IL PICCOLO REGNO
Wu Ming 4
Bompiani, 2016
Accade sempre d’estate, il passaggio. E insieme al passaggio – dall’inconsapevolezza dell’infanzia alla coscienza che “si è al mondo”, e questo esserci si specchia in chi ci accompagna in quell’attraversamento – in certe fatidiche estati si fissano i ricordi. Alcuni sono destinati a rimanere segreti finché arriva il tempo di guardare indietro e di raccontare.
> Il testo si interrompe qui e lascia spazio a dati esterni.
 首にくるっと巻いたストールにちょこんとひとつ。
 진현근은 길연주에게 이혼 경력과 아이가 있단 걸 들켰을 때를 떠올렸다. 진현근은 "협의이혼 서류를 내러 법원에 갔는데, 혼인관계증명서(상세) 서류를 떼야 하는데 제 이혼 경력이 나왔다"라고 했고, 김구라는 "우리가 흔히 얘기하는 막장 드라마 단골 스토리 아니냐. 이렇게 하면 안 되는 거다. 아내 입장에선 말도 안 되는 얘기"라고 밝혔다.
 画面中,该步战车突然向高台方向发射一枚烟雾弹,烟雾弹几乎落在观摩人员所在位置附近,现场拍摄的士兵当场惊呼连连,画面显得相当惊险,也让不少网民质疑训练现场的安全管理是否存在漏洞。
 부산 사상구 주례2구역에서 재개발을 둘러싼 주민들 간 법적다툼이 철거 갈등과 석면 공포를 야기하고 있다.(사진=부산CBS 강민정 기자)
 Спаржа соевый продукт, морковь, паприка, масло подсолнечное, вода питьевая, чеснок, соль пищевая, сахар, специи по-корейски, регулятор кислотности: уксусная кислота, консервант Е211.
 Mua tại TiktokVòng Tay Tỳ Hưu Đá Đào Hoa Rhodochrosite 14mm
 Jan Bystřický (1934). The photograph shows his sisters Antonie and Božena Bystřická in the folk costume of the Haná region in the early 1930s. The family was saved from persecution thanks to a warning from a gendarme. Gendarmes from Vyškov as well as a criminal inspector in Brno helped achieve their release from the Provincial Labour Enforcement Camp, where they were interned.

Ne “Il corpo”, forse il più noto dei racconti contenuti in Stagioni diverse di Stephen King, c’è una frase che illumina tutta la sua poetica, e non solo la sua:
“Le cose più importanti sono le più difficili da dire. Sono quelle di cui ci si vergogna, poiché le parole le immiseriscono – le parole rimpiccioliscono cose che finché erano nella vostra testa sembravano sconfinate, e le riducono a non più che a grandezza naturale quando vengono portate fuori. Ma è più che questo, vero? Le cose più importanti giacciono troppo vicine al punto dov’è sepolto il vostro cuore segreto, come segnali lasciati per ritrovare un tesoro che i vostri nemici sarebbero felicissimi di portare via. E potreste fare rivelazioni che vi costano per poi scoprire che la gente vi guarda strano, senza capire affatto quello che avete detto, senza capire perché vi sembrava tanto importante da piangere quasi mentre lo dicevate. Questa è la cosa peggiore, secondo me. Quando il segreto rimane chiuso dentro non per mancanza di uno che lo racconti ma per mancanza di un orecchio che sappia ascoltare”.
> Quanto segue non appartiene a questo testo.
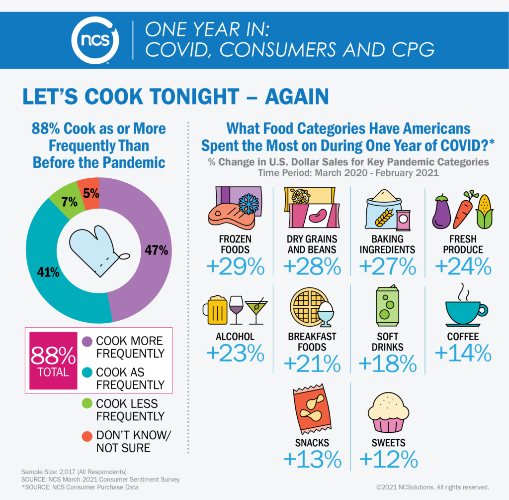 根据NCSOLUTIONS(NCS)最新的消费者调查和购买数据,美国食品和杂货店的购物模式在一年内已经发生了变化。自从新冠大流行以来,96%的美国人和平时一样多或花更多时间进行家庭清洁和消毒; 47%的人吃得更健康,一半的美国人更愿意做饭吃;近1/7的人将看电视作为一种自我保健和消遣的方式。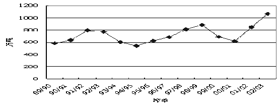 This current cycle starts from 2002 and will end in 2007. So if the cycle holds, from 2005, the sugar production in China should start to decline.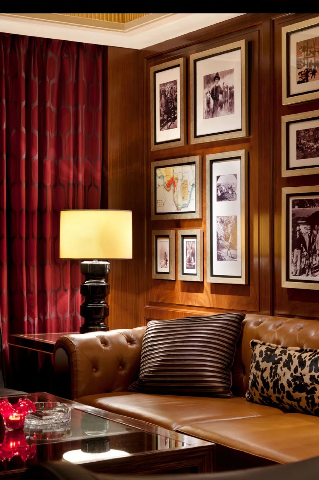 wooden wall panels and columns, and old-fashioned table lamps give an elegant, Shanghai-style vibe.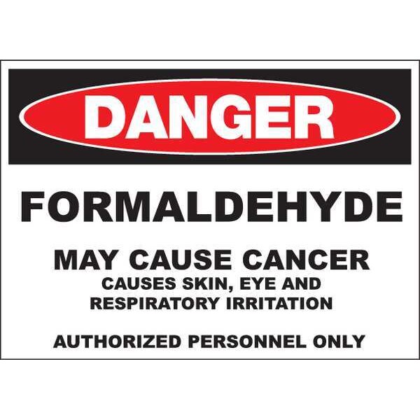 Danger Sign, Sign Subject Matter Chemical, Gas or Hazardous Materials, Height 10 in, Width 14 in, Sign Material Aluminum, Sign Mounting Style Surface, Header Danger, Legend Formaldehyde, Printed Language English, Sign Shape Rectangle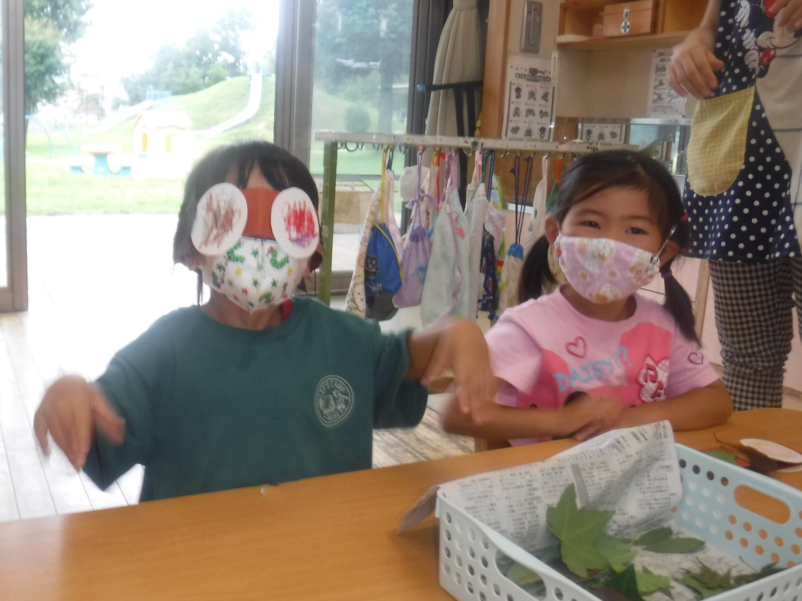 トンボが好きな葉っぱ付きのお面を作りました。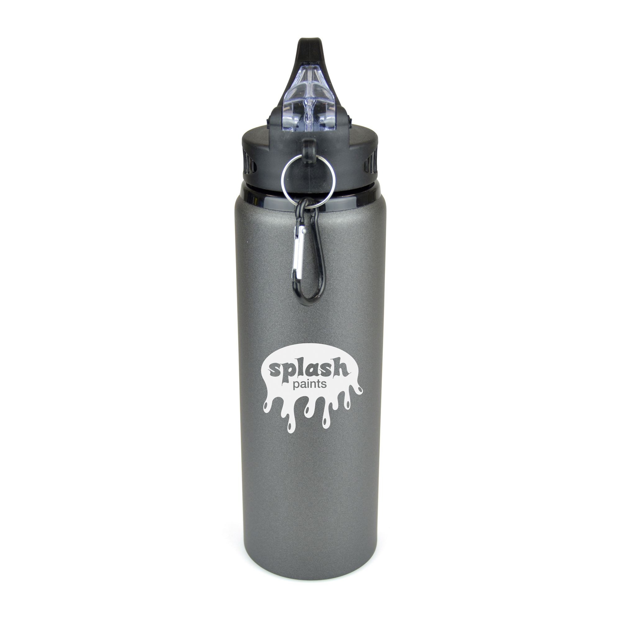800ml single walled, aluminium drinks bottle with a PP and PS plastic lid. Features include a large fold out sipper with straw and black carabiner clip. BPA & PVC free.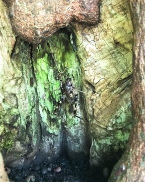 胎内星まつり会場から少し離れた芝生広場の側にある沼、その脇の樹で見かけました。 たまたま、スジクワガタを撮ったときにその周辺に写り込んでいたものです。 樹液の出ている場所の前に陣取るスジクワガタのメスの前で、様子を見ていました。 勝てる相手ではないので、他の場所の方へ移動していきました。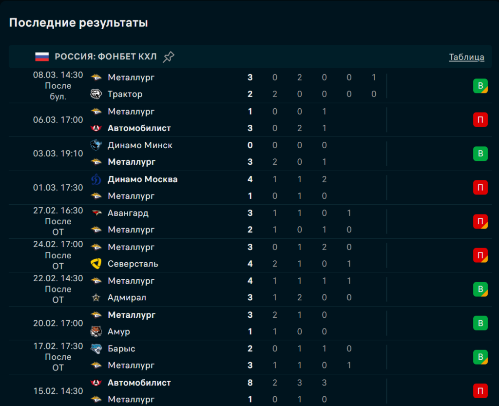 Последние игры Металлург Магнитогорск

Alle spalle de “Il piccolo regno-Una storia d’estate” di Wu Ming 4 c’è senz’altro quel racconto, che è un po’ il riferimento obbligato di chi racconta il famigerato passaggio, e ci sono i segreti che infine vanno tirati fuori.
Ma c’è molto altro, e di non troppo frequente, secondo me, nella letteratura che si rivolge ai più giovani: ed è, per cominciare, una doppia voce, che riproduce quella di chi ha dieci anni al momento della storia (e della lettura) e insieme si proietta in avanti, in quella che “diventerà” la voce degli ex bambini una volta entrati in un altro regno, quello della Gente Alta, che l’infanzia può solo osservare, ricordare, raccontare.
C’è altro, ovviamente. Anzitutto, il tempo e il luogo: l’Inghilterra degli anni Trenta, una famiglia che sposa il fabianesimo e che quindi guarda al mondo con la convinzione dell’idillio. C’è l’incontro-scontro con pensieri altri e dunque con coetanei altri (i bulletti, inevitabili, ma meno pericolosi degli inquietanti figli dei vicini di casa), ci sono le lingue segrete degli animali e la trasfigurazione fiabesca di quel che non si conosce come reale (il mugnaio burbero che diventa un orco). Ci sono i reduci dell’avventura, come Ned, che si può immaginare come un cavaliere perché conosce cosa sia la paura (e altri non è, il nostro cavaliere, se non Lawrence d’Arabia, già in Stella del mattino di Wu Ming 4). C’è Colui Che Viene da Fuori, e che dunque porta scompiglio, ed è un fuggitivo politico, Billy. E c’è Colui Che Viene dal Mondo dei Morti: un fantasma, ma non visibile a tutti. Uno Spettro dei Tumuli, in effetti, perché è dopo la violazione della sua sepoltura che si manifesta alla voce narrante, perché, come Tolkien insegna, certi spettri sono gelosi, e chiedono vite in cambio di quella che è stato loro tolta. E ci sono, ancora, Coloro Che Stanno Fra Due Mondi, i due vecchi archeologi che forse sono qualcosa di più, e che sicuramente sanno più della comune Gente Alta.
Quel che fa la differenza – e risponde implicitamente ai molti interrogativi su cosa sia o meno un buon libro – è, insieme alla storia, la voce. Appunto. Vanno sempre insieme, la seconda non si scarnifica per ammiccare a chi legge, anche se giovanissimo, la prima non si sacrifica a uno stile. Non è frequente. E’ prezioso. Tutto (ed è molto) qui.